Let's assume a 32-bit CPU and 2-byte short. I know 4-byte int needs to be aligned at address multiple of 4 to avoid extra reads.

Questions:

1. If a short is stored at 0x1, the CPU can still read from 0x0 in one operation. So, why do shorts need to be aligned at an address multiple of 2?
2. If a short is stored at 0x2, why would it considered aligned and efficient since the CPU can only read from 0x0 and discard the first two bytes?

There is a question that is very similar to this, however, the answer only tells us the alignment requirement is the same for short in the struct and the standalone variable. There is also a comment with 2 upvotes saying:

On many machines, accessing an N-byte quantity (at least for N in {1, 2, 4, 8, 16}) works most efficiently when the quantity is N-byte aligned. It's the way life is; get used to it because I doubt that chip manufacturers are going to change it just because you think it isn't the way it should be.

But why?

Answer 1

Most machines are designed with memory that is addressed using a combination of a "words" address that identifies a group of two or more bytes, along with byte-select lines that indicate which bytes within a word are being accessed. When performing operations that are a word or smaller, all bytes within a word can be accessed simultaneously. Operations larger than a word will always need to be split into multiple operations, and most CPUs won't care about alignment of any chunks larger than the word size; some CPUs may be able to split word-size-or-smaller operations that would require accessing parts of two consecutive words into smaller operations, but that ability is not universal.

The standard guarantees that for any power of two, N, a multiple-of-N offset into an allocation which is suitably aligned for N-byte objects will yield an address which is suitably aligned for N-byte objects. It does not guarantee that platforms with smaller words sizes will tolerate looser alignments because:

1. The Standard deliberately waives jurisdiction over non-portable constructs.

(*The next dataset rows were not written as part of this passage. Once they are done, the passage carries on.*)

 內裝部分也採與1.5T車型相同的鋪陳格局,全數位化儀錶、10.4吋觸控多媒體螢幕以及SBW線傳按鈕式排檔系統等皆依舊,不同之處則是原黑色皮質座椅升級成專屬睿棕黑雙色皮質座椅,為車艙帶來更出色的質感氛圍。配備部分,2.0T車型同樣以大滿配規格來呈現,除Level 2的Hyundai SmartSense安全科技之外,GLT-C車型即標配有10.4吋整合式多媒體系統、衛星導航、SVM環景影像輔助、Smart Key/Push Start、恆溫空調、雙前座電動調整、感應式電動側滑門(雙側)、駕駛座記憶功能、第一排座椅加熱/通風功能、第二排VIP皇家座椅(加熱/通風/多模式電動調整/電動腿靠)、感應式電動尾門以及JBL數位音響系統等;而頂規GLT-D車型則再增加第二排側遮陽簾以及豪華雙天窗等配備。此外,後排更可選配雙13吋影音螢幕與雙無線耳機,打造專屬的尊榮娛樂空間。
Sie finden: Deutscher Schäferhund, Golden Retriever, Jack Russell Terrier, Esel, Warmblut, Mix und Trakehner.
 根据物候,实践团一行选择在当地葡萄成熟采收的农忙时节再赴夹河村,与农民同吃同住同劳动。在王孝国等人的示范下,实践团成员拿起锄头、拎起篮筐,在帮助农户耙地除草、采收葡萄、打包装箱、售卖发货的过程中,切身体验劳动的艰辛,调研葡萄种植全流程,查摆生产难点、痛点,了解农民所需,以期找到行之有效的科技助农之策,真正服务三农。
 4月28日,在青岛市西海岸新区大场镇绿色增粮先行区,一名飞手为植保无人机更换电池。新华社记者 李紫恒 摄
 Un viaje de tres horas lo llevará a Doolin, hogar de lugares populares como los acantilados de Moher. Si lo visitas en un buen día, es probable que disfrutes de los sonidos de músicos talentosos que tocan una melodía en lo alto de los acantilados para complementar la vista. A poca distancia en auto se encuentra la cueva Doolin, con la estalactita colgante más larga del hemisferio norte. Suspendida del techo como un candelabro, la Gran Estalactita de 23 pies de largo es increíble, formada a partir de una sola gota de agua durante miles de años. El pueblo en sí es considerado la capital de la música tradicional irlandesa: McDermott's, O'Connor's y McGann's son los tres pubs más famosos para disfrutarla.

2. Implementations which want to offer stronger guarantees are free to do, and compiler writers that want to uphold the Spirit of C will do so absent any reason to do otherwise.

3. Even on 8-bit platforms, there may be advantages to requiring word alignment, even though ironically I'm not aware of any implementations ever doing so in the 8-bit platforms where it would have been most useful. For example, on the Z80, the common way to load DE with a 16-bit value whose address is in HL would be:

    mov e,(HL)
    inc hl
    mov d,(hl)
   

but if HL was known to be even, the second instruction could be replaced by inc l, which would be two cycles faster, cutting the total time from 20 cycles to 18. Not a huge performance win, but if an application wouldn't ever use odd addresses for word-sized values, it would represent "low-hanging fruit".